The hon. member went further. In the second place he said that this legislation which was introducing a new concept into international law was now giving franchise—he must listen carefully now—to foreigners in South Africa.
†Let us analyse this statement. By coming to this conclusion the hon. member has acknowledged as a matter of principle the independence of the national States that have already become independent. He called these people foreigners. The hon. member argues that these people are in fact foreigners because they live in a foreign State. There is only one implication from that argument and that is the fact that the hon. member accepts not as a matter of law but as a matter of fact the concept of independent States.
That is what you say.
Furthermore, the hon. member says that we must disenfranchise the people living in a foreign country because of the fact that they live there.
Just like the Xhosas.
Just one moment. This is important. I shall be obliged if the hon. member will not talk about something about which he knows nothing because exactly the same position now applies as far as the Xhosas are concerned. That is that whether or not they live in this State they have the vote in their State. The position is exactly the same except in reverse. However, I do not wish to start an argument on an interjection. The point that the hon. member makes is that if one does not live in one’s country one should not have the vote. In other words, before a man applies for citizenship of another country he must forfeit his voting rights in his country of origin.
May I ask you a question?
No, please.
So if you live in Holland, you will not have a vote in South Africa?
That is the point.
That is determined by the laws. [Interjections.]

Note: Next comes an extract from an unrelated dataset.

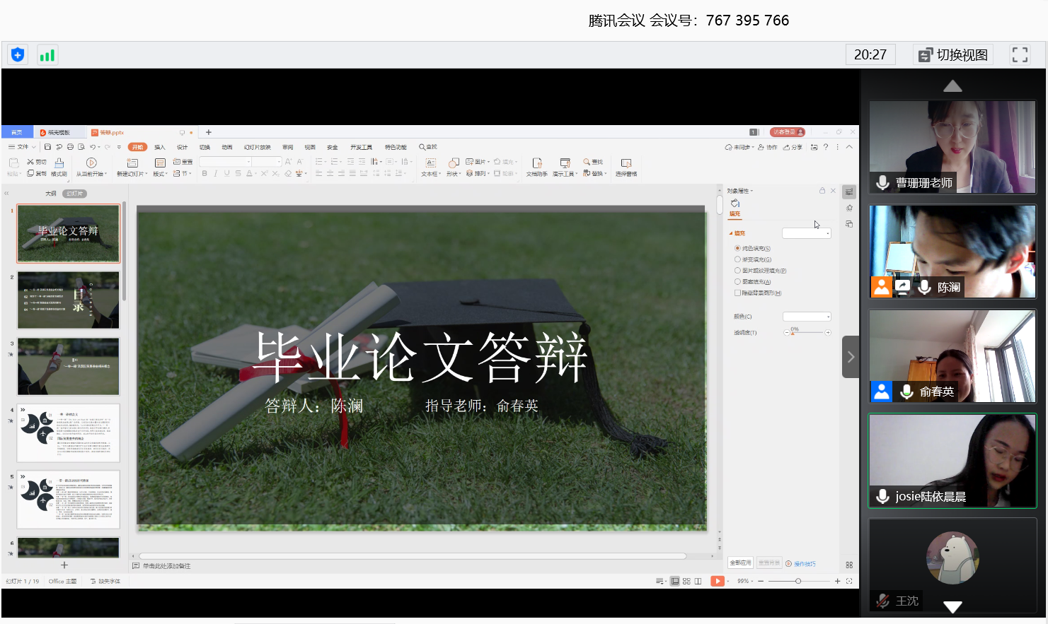 本次线上答辩利用腾讯会议进行,主要分为两个环节,第一个环节是学生汇报论文成果,第二个环节是学生即兴答辩。在答辩过程中,学生根据抽签顺序轮流共享屏幕进行答辩,整个线上论文答辩秩序井然。先由学生阐述选题目的、意义,论文主要观点及收获等内容;答辩老师认真听取学生的陈述后,有针对性地提出了问题和建议,学生在线回答老师提问。通过现场答辩,可以看出大部分学生都非常重视此次线上毕业论文答辩,事先做了充分准备工作;对论文的熟悉程度和专业知识的掌握程度也都比较理想,回答简明准确,虽然也存在着不足之处,但都得到了各答辩组3位答辩老师的肯定。另外,答辩老师也关切的询问了解了疫情期间各位学生的就业工作问题,并为学生加油打气。

*Sir, the hon. member for Bezuidenhout argues just like a sieve. The fact is that different countries have different electoral systems.
South Africa, too, has an electoral system for Whites.
Exactly, but it has an electoral system for Black people and for Indians as well. [Interjections.] France, too, has such a system. [Interjections.] Oh please, colleague, give me a chance! Portugal has a representative Cabinet. I am speaking about the argument as to whether there is a precedent for the specific procedure.
Not in South Africa. Not for Whites.
Whites who live in Transkei may vote in South Africa.
But Whites living in Holland may not!
Sir, a White …
We caught you out. You are discriminating against the Whites! [Interjections.]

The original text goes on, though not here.